Check each line of the listing for the string "This", then state how many lines have it. Only the number is wanted.
Top of RECORDS SHOWN
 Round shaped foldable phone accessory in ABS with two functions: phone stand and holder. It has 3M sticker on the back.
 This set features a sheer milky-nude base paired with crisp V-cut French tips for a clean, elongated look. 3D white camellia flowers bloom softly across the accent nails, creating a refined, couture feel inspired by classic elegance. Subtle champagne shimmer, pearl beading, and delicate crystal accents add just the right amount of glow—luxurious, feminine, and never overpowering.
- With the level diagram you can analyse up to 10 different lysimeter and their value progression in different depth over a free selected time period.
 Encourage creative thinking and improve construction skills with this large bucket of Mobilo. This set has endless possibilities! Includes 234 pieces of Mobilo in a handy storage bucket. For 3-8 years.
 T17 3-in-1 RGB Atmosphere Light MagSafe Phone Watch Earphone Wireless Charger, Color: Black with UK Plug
Bottom of RECORDS SHOWN
Top of RECORDS SHOWN
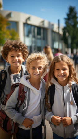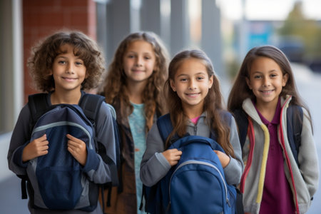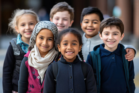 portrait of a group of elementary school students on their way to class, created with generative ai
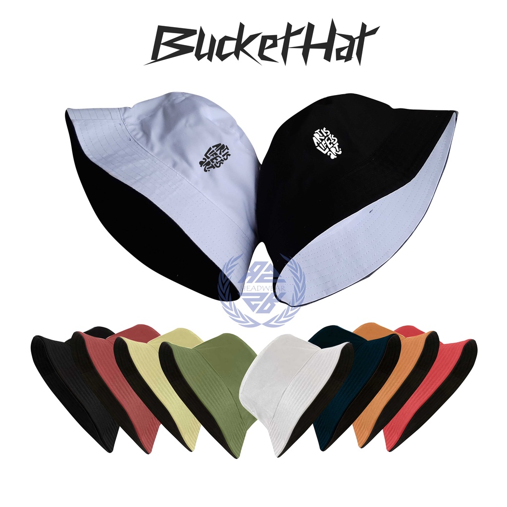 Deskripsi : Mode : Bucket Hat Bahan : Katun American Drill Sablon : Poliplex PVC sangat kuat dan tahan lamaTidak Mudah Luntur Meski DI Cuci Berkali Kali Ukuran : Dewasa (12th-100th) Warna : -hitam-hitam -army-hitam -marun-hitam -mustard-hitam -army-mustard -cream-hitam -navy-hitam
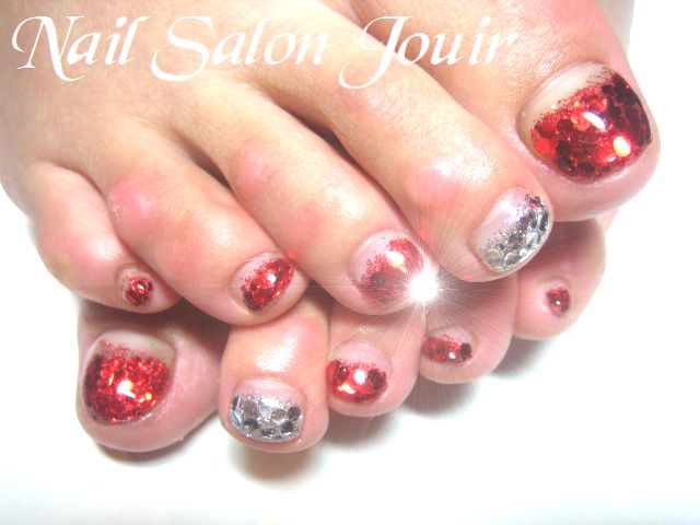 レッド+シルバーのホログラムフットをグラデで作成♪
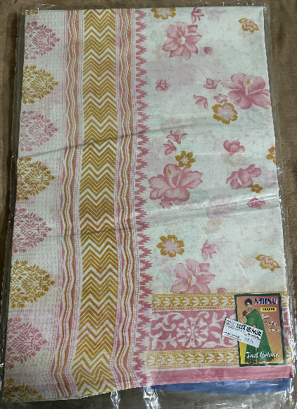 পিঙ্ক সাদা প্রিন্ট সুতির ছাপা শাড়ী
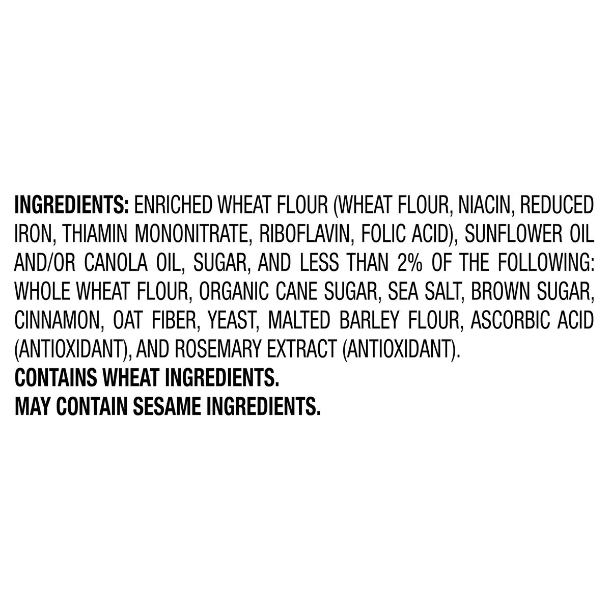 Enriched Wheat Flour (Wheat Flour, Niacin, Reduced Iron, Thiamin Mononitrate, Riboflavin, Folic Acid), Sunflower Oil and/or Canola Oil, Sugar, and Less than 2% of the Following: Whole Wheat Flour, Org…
Bottom of RECORDS SHOWN
§ **OUTPUT OF THE TASK**
2